1. Home
  2. Microsoft
  3. DP-100 Dumps

Eliminate Risk of Failure with Microsoft DP-100 Exam Dumps

Schedule your time wisely to provide yourself sufficient time each day to prepare for the Microsoft DP-100 exam. Make time each day to study in a quiet place, as you'll need to thoroughly cover the material for the Designing and Implementing a Data Science Solution on Azure exam. Our actual Azure Data Scientist Associate exam dumps help you in your preparation. Prepare for the Microsoft DP-100 exam with our DP-100 dumps every day if you want to succeed on your first try.

All Study Materials

Instant Downloads

24/7 costomer support

Satisfaction Guaranteed

Q1.

You have a dataset that includes confidential dat

a. You use the dataset to train a model.

You must use a differential privacy parameter to keep the data of individuals safe and private.

You need to reduce the effect of user data on aggregated results.

What should you do?

Answer: C

See the explanation below.

Differential privacy tries to protect against the possibility that a user can produce an indefinite number of reports to eventually reveal sensitive data. A value known as epsilon measures how noisy, or private, a report is. Epsilon has an inverse relationship to noise or privacy. The lower the epsilon, the more noisy (and private) the data is.

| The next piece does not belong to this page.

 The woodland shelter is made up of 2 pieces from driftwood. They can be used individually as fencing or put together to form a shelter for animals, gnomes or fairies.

https://docs.microsoft.com/en-us/azure/machine-learning/concept-differential-privacy

Q2.

You create a binary classification model. The model is registered in an Azure Machine Learning workspace. You use the Azure Machine Learning Fairness SDK to assess the model fairness.

You develop a training script for the model on a local machine.

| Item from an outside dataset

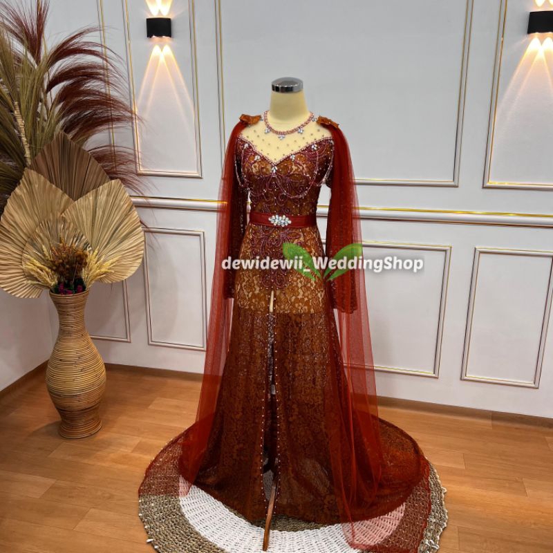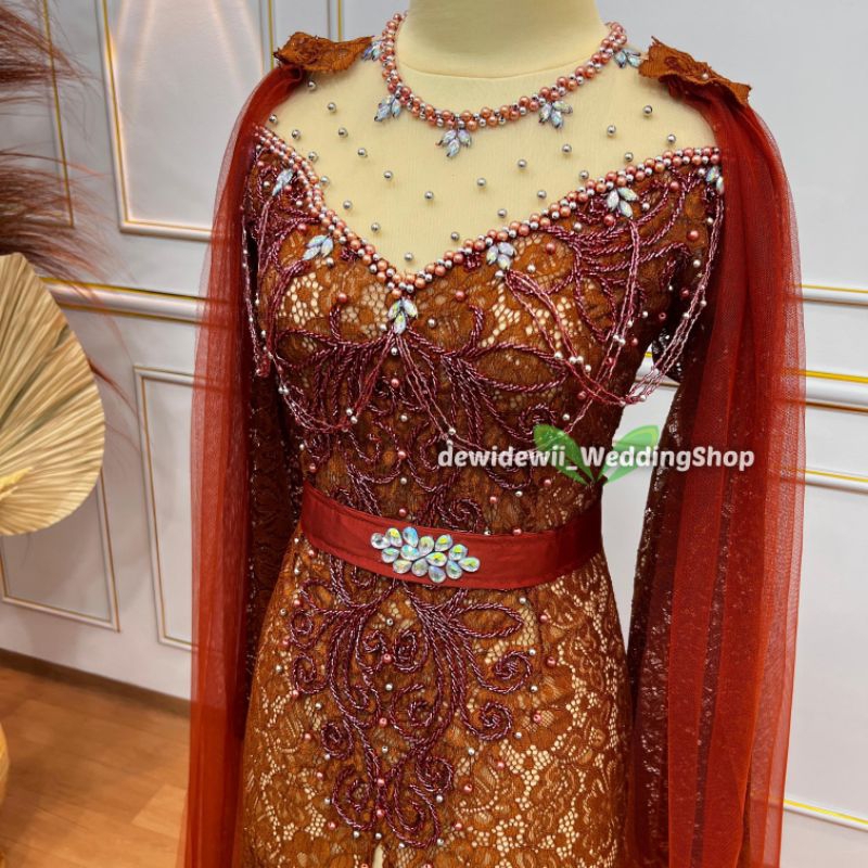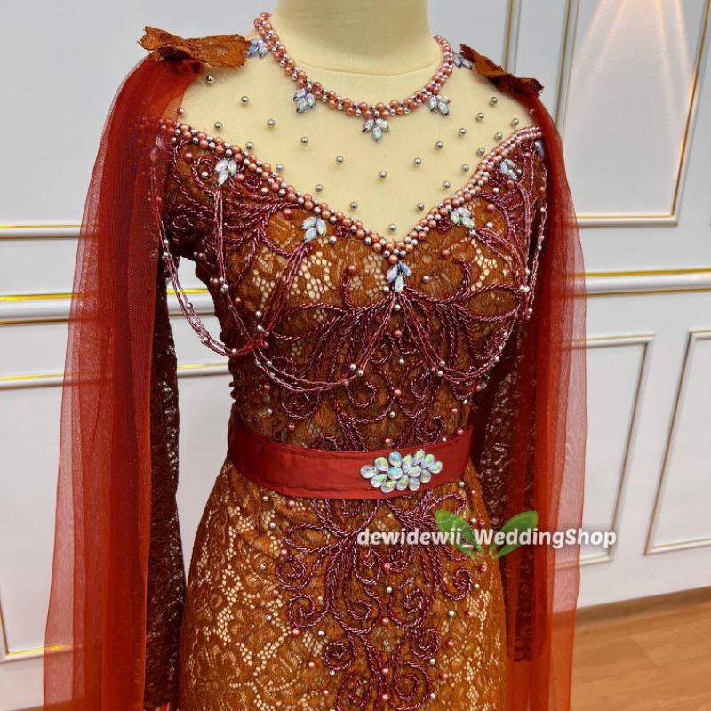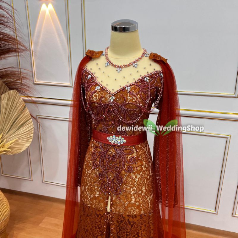 Kebaya Pengantin Cantik / Broklat Ekor Panjang + Slayer - Warna Lengkap

You need to load the model fairness metrics into Azure Machine Learning studio.

What should you do?

Answer: C

See the explanation below.

import azureml.contrib.fairness package to perform the upload:

from azureml.contrib.fairness import upload_dashboard_dictionary, download_dashboard_by_upload_id


https://docs.microsoft.com/en-us/azure/machine-learning/how-to-machine-learning-fairness-aml

Q3.

You use the Azure Machine Learning designer to create and run a training pipeline.

The pipeline must be run every night to inference predictions from a large volume of files. The folder where the files will be stored is defined as a dataset.

You need to publish the pipeline as a REST service that can be used for the nightly inferencing run.

What should you do?

Answer: A

See the explanation below.

Azure Machine Learning Batch Inference targets large inference jobs that are not time-sensitive. Batch Inference provides cost-effective inference compute scaling, with unparalleled throughput for asynchronous applications. It is optimized for high-throughput, fire-and-forget inference over large collections of data.

You can submit a batch inference job by pipeline_run, or through REST calls with a published pipeline.


https://github.com/Azure/MachineLearningNotebooks/blob/master/how-to-use-azureml/machine-learning-pipelines/parallel-run/README.md

Q4.

You train and register a machine learning model. You create a batch inference pipeline that uses the model to generate predictions from multiple data files.

You must publish the batch inference pipeline as a service that can be scheduled to run every night.

You need to select an appropriate compute target for the inference service.

Which compute target should you use?

Answer: B

See the explanation below.

Azure Machine Learning compute clusters is used for Batch inference. Run batch scoring on serverless compute. Supports normal and low-priority VMs. No support for real-time inference.


https://docs.microsoft.com/en-us/azure/machine-learning/concept-compute-target

Q5.

You have a Python script that executes a pipeline. The script includes the following code:

from azureml.core import Experiment

pipeline_run = Experiment(ws, 'pipeline_test').submit(pipeline)

You want to test the pipeline before deploying the script.

You need to display the pipeline run details written to the STDOUT output when the pipeline completes.

Which code segment should you add to the test script?

Answer: B

See the explanation below.

wait_for_completion: Wait for the completion of this run. Returns the status object after the wait.

Syntax: wait_for_completion(show_output=False, wait_post_processing=False, raise_on_error=True)

Parameter: show_output

Indicates whether to show the run output on sys.stdout.


Are You Looking for More Updated and Actual Microsoft DP-100 Exam Questions?

If you want a more premium set of actual Microsoft DP-100 Exam Questions then you can get them at the most affordable price. Premium Azure Data Scientist Associate exam questions are based on the official syllabus of the Microsoft DP-100 exam. They also have a high probability of coming up in the actual Designing and Implementing a Data Science Solution on Azure exam.
You will also get free updates for 90 days with our premium Microsoft DP-100 exam. If there is a change in the syllabus of Microsoft DP-100 exam our subject matter experts always update it accordingly.